Manager blocks commits if ANY gate fails.

TDD Enforcement

Manager strictly enforces the TDD cycle:

RED Phase

Manager: "Write a failing test for [feature]. Show me RED output."
Implementer: [writes test, runs it, shows failure]
Manager: [validates test fails for correct reason] "Proceed to GREEN."

GREEN Phase

Manager: "Implement minimal code to make test pass. Show me GREEN."
Implementer: [writes code, runs test, shows pass]
Manager: [validates test passes] "Proceed to REFACTOR if needed."

REFACTOR Phase

Manager: "Refactor for clarity. Ensure tests stay GREEN."
Implementer: [improves code, reruns tests]
Manager: [validates tests still pass] "Run quality gates."

Intervention Protocol:

  • If implementer writes code before test → STOP IMMEDIATELY
  • If implementer wants to commit without quality gates → BLOCK
  • Manager enforces TDD without exceptions

Quick Start

Pane-Based Mode (Recommended for Codex) 🚧 EXPERIMENTAL

Prerequisites:

  • Ollama with Granite Nano: ollama pull granite4:350m
  • Codex CLI installed
  • Claude CLI installed

3-Command Setup:

# 1. Start tmux and Codex
tmux
codex

# 2. In Codex, bootstrap infrastructure (creates Claude pane, starts Granite monitor)
cd /Users/braydon/projects/experiments/tmux-agent-orchestration
./scripts/bootstrap-coordinator.sh
source .tmux-monitor/handler-function.sh

# 3. Delegate task to Claude
tmux send-keys -t :0.1 "Implement user auth with TDD" C-m

# Codex goes idle - Granite wakes it when Claude has news!

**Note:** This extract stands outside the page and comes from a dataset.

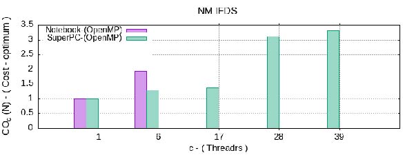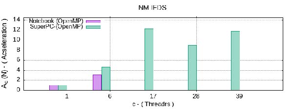 Из результатов анализа эффективности параллельного OpenMP алгоритма IFDS видно, что имеет место существенный прирост скорости вычисления, но при увеличении числа потоков для параллельной обработки, их эффективность заметно снижается. При одинаковых параметрах численного эксперимента обе вычислительные системы выдают искомый результат за приблизительно равное время вычисления. Однако наибольшая эффективность достигается при использовании 10-15 потоков. Из анализа данных видно, что OpenMP параллельная программная реализация IFDS показывает ускорение работы от 9 - 12 раз в зависимости от количества задействованных ядер CPU.

See: QUICKSTART-PANE-AWARE.md for complete guide.

Window-Based Mode (Stable)

Prerequisites:

  • TMUX installed
  • Git version control
  • Node.js and npm (for JavaScript/TypeScript projects)

Setup:

# Clone and setup
git clone https://github.com/dbmcco/tmux-agent-orchestration.git
cd tmux-agent-orchestration
./setup.sh
./validate-setup.sh

# Create TMUX session with agents in separate windows
./scripts/tmux-spawn-session.sh --attach

See: INSTALLATION.md for complete guide.

Detailed Installation

Prerequisites

Required:

  • TMUX (brew install tmux on macOS)
  • Git
  • Bash shell

For Pane Mode (Experimental):

  • Codex CLI
  • Claude CLI
  • Ollama with Granite Nano: ollama pull granite4:350m

For Window Mode (Stable):

  • Claude CLI (or any AI CLI)
  • Node.js and npm (for quality gates in JS/TS projects)

Installation Steps

# Clone repository
git clone https://github.com/dbmcco/tmux-agent-orchestration.git
cd tmux-agent-orchestration

# Run interactive setup (window mode)
./setup.sh

# Validate installation
./validate-setup.sh

Full installation guide: See INSTALLATION.md

Prerequisites

  • TMUX installed (brew install tmux on macOS)
  • Git version control
  • Node.js and npm (optional, for JavaScript/TypeScript projects)
  • Claude Code CLI (optional, for AI agent integration)

Usage

Orchestration Commands

The agent orchestrator provides a simple CLI for coordinating agents:

# Brief implementer with task
./scripts/agent-orchestrator.sh brief "Implement user authentication following TDD"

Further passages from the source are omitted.